GOING HOME

Now ninety, she sits each day at the Alzheimer’s facility thinking of who knows what.   It has been five years since she ran her car through a fence and then professed not to have known she was driving.  Tests were conducted, and it was concluded that “compos mentis” no longer described her.  The moldy food filling her refrigerator added further confirmation, if any were needed.

Nothing much changes at the facility from day-to-day.  The patients, ninety percent female, are wheeled out to breakfast.  Only a few walk themselves, and those usually have canes or walkers.  After breakfast, the televisions cater to those who appear interested.  Others slump and sleep in their seats in the common area.  Most are wearing diapers beneath their clothes.   Conversations are few since the patients are generally too befuddled to formulate a question or an answer.  An eerie silence is pervasive, except for an occasional buzzing sound at the attendants’ station when any patient touches an exit door.  The noise is activated by the electronic bracelets they wear to assure there is no escape.

The staff, composed entirely of Caribbean women, circulates in pastel scrubs adding a touch of the exotic to a scene otherwise dominated by shades of gray.  Their lilting accents can sound charming, if you do not focus on the content, which often involves bed-pans or infections or even death.  The workers do not appear emotionally invested in the decay that surrounds them; perhaps, it is necessary for their self-preservation that they remain uninvolved, largely oblivious.  It is just their job.

In her day, and, in fact, up until she was in her late-seventies, she was an athlete.  She played tennis and hiked.  She loved music and art and gardening.  She was politically involved, and there was a sparkle to her blue eyes.   However, her broad range of enthusiastic interests was accompanied by a powerful self-centered narcissism that left friends and relatives confused about their feelings.  Did they like her?  Well, yes, she was so “energetic” and “positive.”  In the end, most of her relationships ended in disillusionment and disengagement on the part of the acquaintances, as they realized, finally, that she truly only cared about herself.

The rare visits to the center by relatives or remaining friends provoke a similar confusion.  There is a slow, inexorable decline in her functions, juxtaposed with identical surroundings where nothing seems to change except, occasionally, the cast of characters.

“Did she recognize you this time?” someone will ask.

“Yes, perhaps.  It’s hard to tell.  She asked how the family is.”

“They often cover that way, with general questions.   Was she alert?”

“She hasn’t been alert for several years.  But she still moves her arms.  Her neck supports her head, sort of.   She seems tired.  But if she sees ice cream, she revives.”

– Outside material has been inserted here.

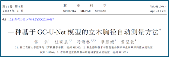 近日,K1体育冯海林教授团队的学术论文“一种基于GC-U-Net模型的立木胸径自动测量方法”一文在《林业科学》2025年第4期以封面论文发表。《林业科学》是林草科技领军期刊,入选中国科技期刊卓越行动计划,也是目前唯一被EI收录的中文林业科技期刊。该论文第一作者为22级农业信息化研究生常乐,通讯作者为冯海林教授。K1体育为该论文第一单位和通讯作者单位。
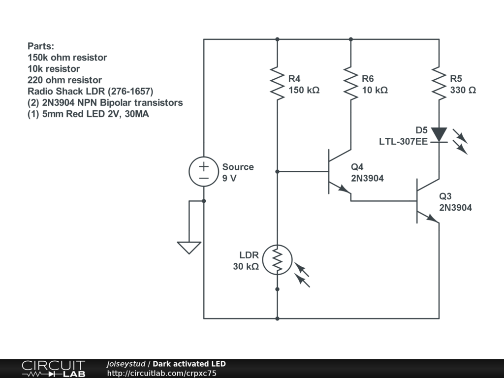 This circuit uses 2 NPN Transistors and an LDR to create a automatic on for an LED in this case. It has very good response, and low power consumption in light.

“She still has an appetite?”

“Yes, for sweets.”

Doctors rarely enter the building, unless there is an emergency or Medicaid allows payment for a “mental visit.”  But a slew of other service providers arrive each day to trim hair and nails, lead exercise, or sing folk songs, etc.  There are church services on Sunday for those who are interested, and even those who do not know if they are interested.  Instead of the television room, they are wheeled into a small chapel to hear a simple sermon after breakfast.  It is ironic that she, an adamant atheist throughout adulthood, is usually among the audience.

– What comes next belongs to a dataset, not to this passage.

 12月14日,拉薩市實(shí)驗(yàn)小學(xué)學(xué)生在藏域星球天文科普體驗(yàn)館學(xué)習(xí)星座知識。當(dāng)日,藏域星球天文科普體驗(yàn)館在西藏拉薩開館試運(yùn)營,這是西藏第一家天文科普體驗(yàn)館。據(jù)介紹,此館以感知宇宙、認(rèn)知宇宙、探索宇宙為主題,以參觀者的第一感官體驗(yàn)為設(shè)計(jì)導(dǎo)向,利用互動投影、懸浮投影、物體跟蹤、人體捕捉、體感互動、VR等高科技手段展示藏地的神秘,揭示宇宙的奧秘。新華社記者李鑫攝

Some of the patients have numerous visitors, particularly when they first arrive.  Children come with grandchildren in tow, bringing gifts and food and flowers.  With some exceptions, these visits slow over time as the families realize that their ministrations are not acknowledged or, worse, not comprehended.  Alzheimer’s generally is not an acute disease.  It works faster on some than on others, but its progress is, so far, unstoppable.

“Oh, I’m just on vacation,” she used to say, when she first arrived.  “I’ll be getting back to my apartment any time now.”   More recently, with a decreasing grasp on reality, she will say:  “I’m just visiting a friend for lunch,” or “I wonder about some of the people here.”

Such pronouncements were greeted with humor in the beginning.  They showed her fighting spirit.  In time, they were less amusing as futility outweighed hopefulness.  When she asked if she lived in California or Connecticut, it emphasized her lack of mental function.  Instead of repeating these stories to show how positive she was, visitors regarded her confused questions as disturbing, as indications of how far she had fallen.  After three years or so, she stopped asking about leaving.  Optimism finally disappeared under the grinding tedium of a diminishing mind.

It was surprising, therefore, to receive a call last month from the social worker at the facility.  It seems that, in what must have been regarded as a fit of enlightened humanism, New Jersey passed a law requiring that each patient be asked to reaffirm, annually, that they wish to remain at the facility.

“We asked her if she would like to go home,” said the caller, “and she said she would.”

“Do you think she is capable of going home?”

“No, I don’t,” said the social worker.  “But we have to ask.”

“What do you want us to say?”

“As her guardians, you have to instruct us to keep her.”

“Okay.  Please continue to keep her.”

“Thank you.  We’ll check with you again next year.”

“Is this really necessary?”

“It’s the law,” was the reply.

So, she will remain at the facility for another year.  Barring a miraculous cure or a merciful death, she will not be going home.